# [SOURCE INFORMATION]
Content starts

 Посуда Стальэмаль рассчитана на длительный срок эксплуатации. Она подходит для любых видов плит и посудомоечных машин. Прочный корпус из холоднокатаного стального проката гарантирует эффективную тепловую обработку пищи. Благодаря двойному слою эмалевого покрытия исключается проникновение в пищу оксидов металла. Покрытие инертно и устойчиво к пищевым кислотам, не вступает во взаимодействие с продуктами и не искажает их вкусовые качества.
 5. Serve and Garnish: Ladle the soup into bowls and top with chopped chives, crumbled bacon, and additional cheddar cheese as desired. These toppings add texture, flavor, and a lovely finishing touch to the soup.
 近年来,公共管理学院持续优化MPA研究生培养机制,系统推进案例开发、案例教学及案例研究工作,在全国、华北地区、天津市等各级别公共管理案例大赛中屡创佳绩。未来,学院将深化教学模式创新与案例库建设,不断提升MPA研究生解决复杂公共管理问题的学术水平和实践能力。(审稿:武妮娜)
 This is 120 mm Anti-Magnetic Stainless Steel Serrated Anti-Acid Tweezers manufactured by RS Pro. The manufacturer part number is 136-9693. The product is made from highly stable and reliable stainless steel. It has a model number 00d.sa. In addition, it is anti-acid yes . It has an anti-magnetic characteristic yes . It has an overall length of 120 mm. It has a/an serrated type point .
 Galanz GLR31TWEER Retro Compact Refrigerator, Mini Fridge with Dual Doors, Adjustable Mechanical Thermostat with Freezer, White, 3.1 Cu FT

Content ends
Content starts

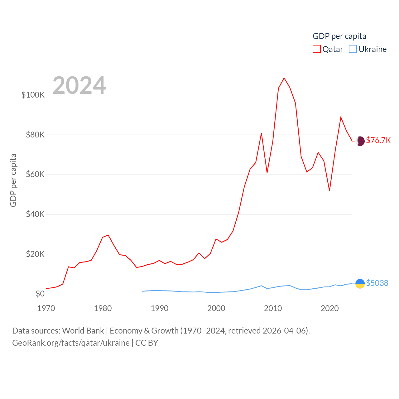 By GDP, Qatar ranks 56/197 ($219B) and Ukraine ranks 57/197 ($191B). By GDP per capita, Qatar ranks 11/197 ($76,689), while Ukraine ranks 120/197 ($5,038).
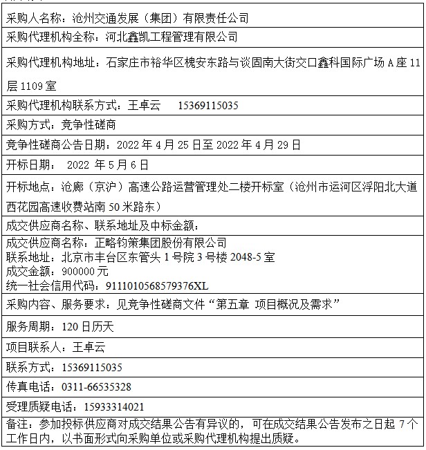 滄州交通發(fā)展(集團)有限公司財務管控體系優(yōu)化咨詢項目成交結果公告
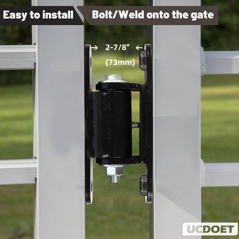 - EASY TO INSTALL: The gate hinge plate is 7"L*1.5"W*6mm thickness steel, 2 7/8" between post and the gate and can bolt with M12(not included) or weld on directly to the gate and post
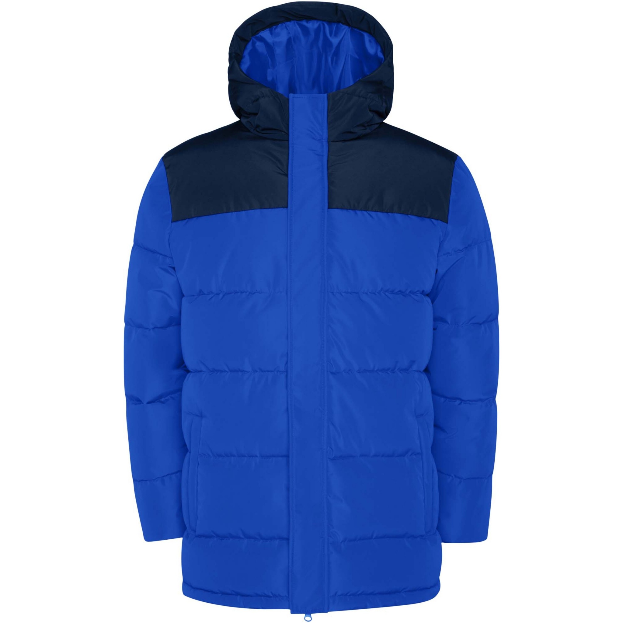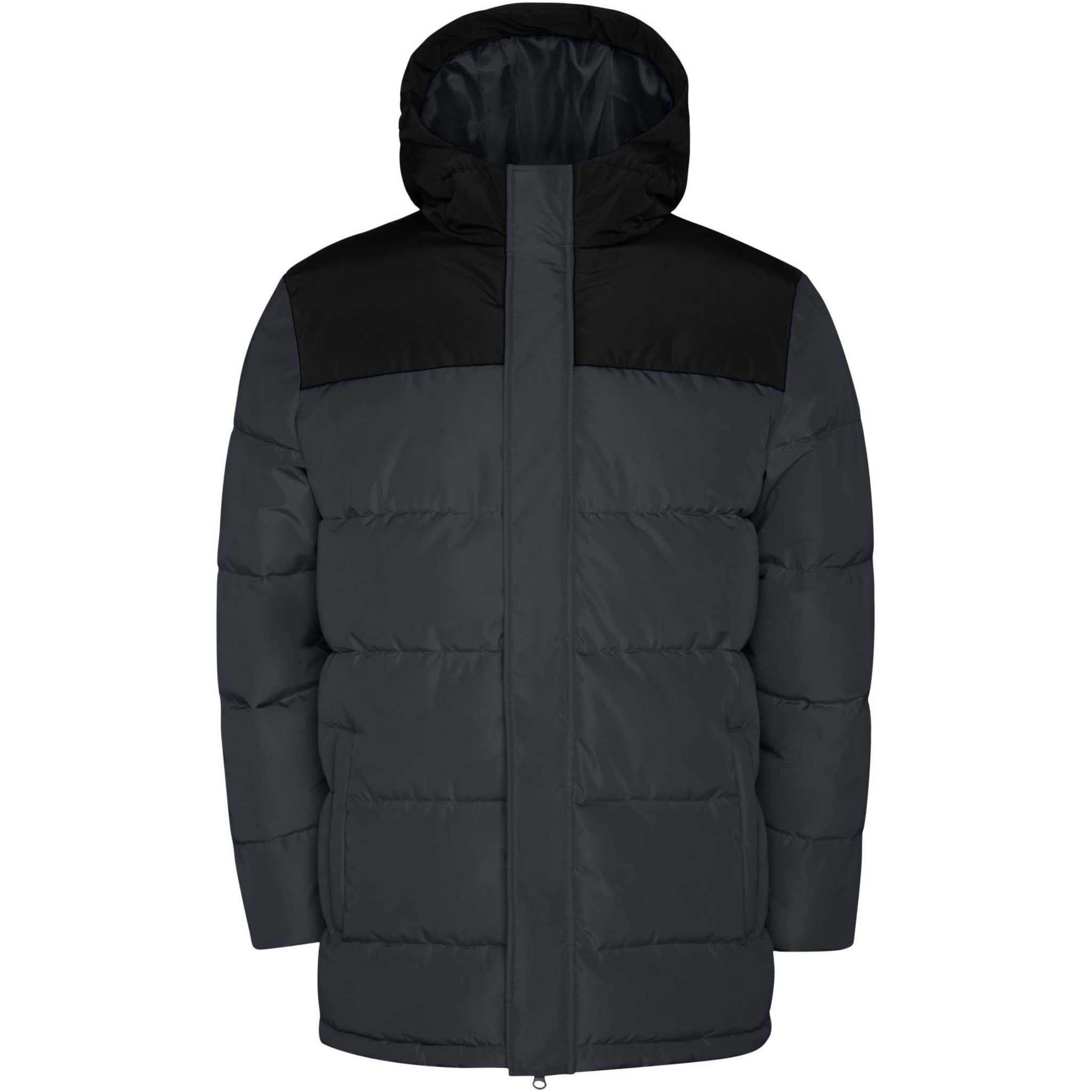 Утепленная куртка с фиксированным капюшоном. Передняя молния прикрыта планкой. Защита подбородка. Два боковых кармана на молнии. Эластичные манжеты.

Content ends

# [TASK BRIEF]
Exactly the lines above from the one that contains "By GDP, Qatar" down to the one that contains "Утепленная куртка с" are to be output, both ends kept and pictures omitted.

# [OUTPUT FOR THIS EXERCISE]
 By GDP, Qatar ranks 56/197 ($219B) and Ukraine ranks 57/197 ($191B). By GDP per capita, Qatar ranks 11/197 ($76,689), while Ukraine ranks 120/197 ($5,038).
 滄州交通發(fā)展(集團)有限公司財務管控體系優(yōu)化咨詢項目成交結果公告
 - EASY TO INSTALL: The gate hinge plate is 7"L*1.5"W*6mm thickness steel, 2 7/8" between post and the gate and can bolt with M12(not included) or weld on directly to the gate and post
 Утепленная куртка с фиксированным капюшоном. Передняя молния прикрыта планкой. Защита подбородка. Два боковых кармана на молнии. Эластичные манжеты.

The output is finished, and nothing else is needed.